Evlenen Kadın İşçi Kıdem Tazminatı Hakkı
Evlenen kadın işçinin kıdem tazminatı alabilmesi için evlilik tarihinden itibaren 1 yıl içerisinde sözleşmeyi feshetmesi gerekir. 1 yıl içinde feshedilmezse artık evlilik sebebiyle kıdem tazminatı talep edilmesi gündeme gelmez. Evlilik tarihinden itibaren 1 yıl içerisinde işten ayrılacağınızı iş verene bir ihtarname ile bildirirseniz aksi bir durumda hukuki haklarınızı talep etmeniz kolaylaşacaktır. İş veren tazminatı ödemediği durumda ihtarname ile iş veren temerrüde düşmüş olur.
Evlenen işçi kadın iş yerinden ayrılıp kıdem tazminatı aldıktan sonra başka bir iş yerinde çalışmaya devam edebilir. Bu durum kadının çalışması için engelleyici bir durum değildir. Bir kere evlilik sebebiyle kıdem tazminatı alan kadının bir daha çalışamayacağı anlamına gelmez. Şayet böyle bir engelleyici sebep olsa idi Anayasa ile koruma altına alınan çalışma hakkı ihlal edilmiş olurdu.

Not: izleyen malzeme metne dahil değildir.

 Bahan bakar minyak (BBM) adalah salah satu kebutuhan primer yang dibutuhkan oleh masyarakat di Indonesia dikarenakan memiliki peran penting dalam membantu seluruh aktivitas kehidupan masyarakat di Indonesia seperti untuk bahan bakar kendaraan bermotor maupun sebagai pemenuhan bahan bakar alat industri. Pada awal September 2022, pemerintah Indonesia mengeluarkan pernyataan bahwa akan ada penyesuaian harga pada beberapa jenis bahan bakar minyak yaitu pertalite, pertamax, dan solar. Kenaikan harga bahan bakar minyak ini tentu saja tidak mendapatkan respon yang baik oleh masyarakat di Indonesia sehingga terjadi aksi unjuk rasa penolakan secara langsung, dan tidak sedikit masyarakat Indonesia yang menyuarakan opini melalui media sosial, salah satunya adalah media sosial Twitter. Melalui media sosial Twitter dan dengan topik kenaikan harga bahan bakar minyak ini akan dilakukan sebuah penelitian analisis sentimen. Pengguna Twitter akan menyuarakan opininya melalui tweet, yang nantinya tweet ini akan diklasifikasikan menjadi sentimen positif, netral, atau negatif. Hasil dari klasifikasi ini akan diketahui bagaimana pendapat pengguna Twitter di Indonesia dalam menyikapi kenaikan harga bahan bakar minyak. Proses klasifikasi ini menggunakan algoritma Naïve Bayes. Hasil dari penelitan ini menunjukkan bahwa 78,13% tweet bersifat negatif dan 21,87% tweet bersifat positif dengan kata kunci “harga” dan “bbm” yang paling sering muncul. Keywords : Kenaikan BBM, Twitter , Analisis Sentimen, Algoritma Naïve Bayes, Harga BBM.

İmam Nikahı Kıdem Tazminatı İçin Geçerli Olur Mu
Medeni kanun ve hukuk sistemimiz evlilik kurumu için yalnızca resmi nikahı geçerli kabul etmektedir. Taraflar arasında dini inançlar ve örf-adet gereğince yapılan dini nikah yani imam nikahı hukuk sistemimizde geçerli değildir. İmam nikahı ile evli olan kadın evlilik sebebiyle kendisine verilmiş medeni haklardan yararlanamaz. Evlilik sona ererken gündeme gelecek haklardan yararlanamayacağı gibi evlilik başlarken verilen haklardan da yararlanamaz.
Kıdem tazminatına hak kazandıran evlilik sebebiyle fesihte geçerli olan evlilik resmi nikahtır. Kadın işçi resmi nikah tarihinden itibaren 1 yıl içinde sözleşmeyi sonlandırıp tazminata hak kazanır. İmam nikahı tarihi bu süreyi başlatmaz.

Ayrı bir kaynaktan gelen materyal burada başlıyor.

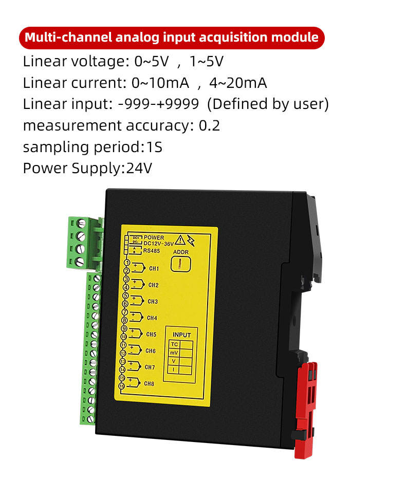Analog input:4-20mA, 0-10mA, 0-5VDC, 1-5VDC, 0-20mV, 0-50mV, 0-100mV, 0-500mV

Aynı şekilde resmi nikah ve düğün arasında bir tarih farkı varsa yine resmi nikah baz alınır. Resmi nikahın kıyılmadığı düğün günü de bahsi geçen 1 yıllık süreyi başlatamaz. Kanun koyucu burada çok keskin olarak resmi nikah diye bir sınırlama yapmıştır.
İş hukukundan doğan uyuşmazlık ve alacaklar için başlatılan yargılama sürecinde iş hukuku konusunda uzman bir avukattan hukuki yardım almakta fayda vardır. İş ilişkisinin her iki tarafı da kendisini bir avukat ile temsil ettirmelidir.
[1] Yargıtay 9. Hukuk Dairesi 2015/21481 E. 2018/17060 K. Kararı.